Samsung phones and tablets are married to Google Android, but Samsung provides a lot of other devices where it created the software for TV's, video cameras, cameras etc soon it could be using just it's own OS (Tizen), joining all devices.
Car manufacturers, like Tesla, BMW, Toyota run software versions and analytics inside the car dashboard, which can be updated OTA (over the air) or via USB. General Electric's (GE) Predix has it's own IoT platform to maintain all their infrastructure, claiming to save billions of dollars in operating costs. There are lots more companies providing software working perfectly together with their hardware products pushing 3rd party providers out of this space, effectively closing their platforms not allowing competition.

From the other side we have Apple expanding more into the hardware space, cars, watches, headphones (Beats) and for a long time PCs and laptops. Joining Apple in this approach are traditional software makers, like Microsoft (mobile phones, tablets, games console), Oracle (Sun servers) etc.

Who will win?

In my opinion the balance is more in favour of hardware manufacturers expanding into the software business because it is not seen to be outside their core market. Without the software the device would be useless. Whereas traditional software providers are pushed by their investors/shareholders to not dilute their efforts going after hardware products as they traditionally have lower margins, but instead focus their efforts on new innovations and increasing their market share - aka the way of the #unicorn.

The same applies even for smaller companies and start-ups developing new devices and enabling them to connect to the internet. Everyone has an "app" which is built in-house and you can install on your phone and control the device with, may it be a speaker system, drones, TV, heating system etc

Where does this leave analytics?

This calls for more openness and more partnerships between hardware manufacturers and software makers, essentially OEM agreements. If the software industry doesn't, the hardware side will have no other option as to develop their own software (and take more of the profits). BIRST seems to be leading the wayaccording to Gartner in terms of offering embedded analytics (OEM):

Opensource software is now considered the preferred way of getting "OEM" software onto a device for hardware manufacturers, Pentaho was bought by Hitachi Data Services (storage solutions) and Jaspersoft by TIBCO both offering strong OEM analytics approaches. This will likely allow Hitachi to integrate it's analytics quite easily into lots of places. The list of acquisitions will not stop there while hardware is invading the analytics software space.

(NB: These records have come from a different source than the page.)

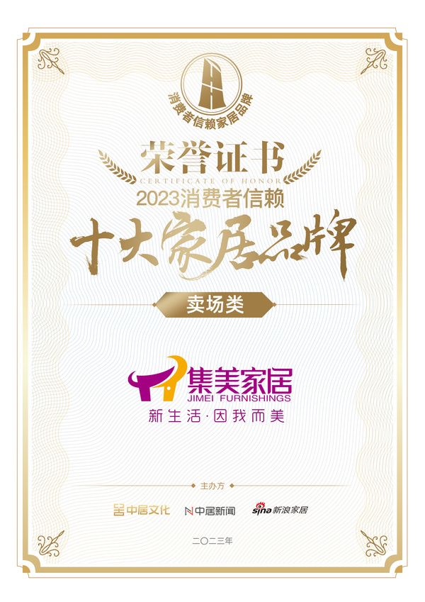 喜报!集美家居荣获卖场类「2023消费者信赖十大家居品牌」
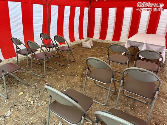 京都で地鎮祭テント設営・準備なら株式会社繁栄まで 日本全国、地鎮祭テントレンタルの事なら株式会社繁栄(地鎮祭専門店地鎮)まで・・ 地鎮祭テント設営・施工 テント
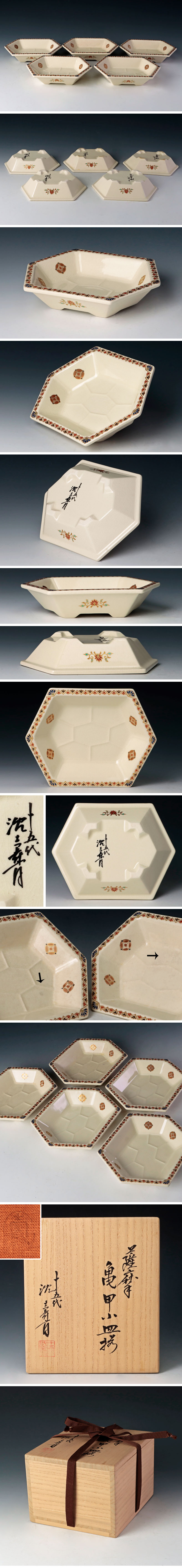 | 【古美味】十五代沈壽官 薩摩 亀甲小皿揃 五客 茶道具 保証品 |

While this is all happening the big fight for the IoT platform space has still to happen, Google is developing and placing it's bets on Brillo and Weave, getting into it early. Time for the SAPs, IBMS and Information Builders of this world to start pushing the embedded analytics more and get out there forming partnerships!

Here an article I wrote earlier, related to analytics embedded into the cloud: https://www.linkedin.com/pulse/embedded-analytics-reborn-cloud-denis-sproten

What are the options?

There are two main approaches for IoT analytics solutions: centralised and decentralised.

Datawarehouse analytics already exist, but a so called micro-analytics engine being able to run on device doesn't yet. It may actually be more efficient for most devices to have a bluetooth connector so you can link it up to an iPad and send a query to the device. Or alternatively collect all the data from the device and then run the query faster. In which case we are back to hardware manufacturers releasing their app for the iPad or Android tablets. So it seems we are destined to go this way, where no-one has gone before.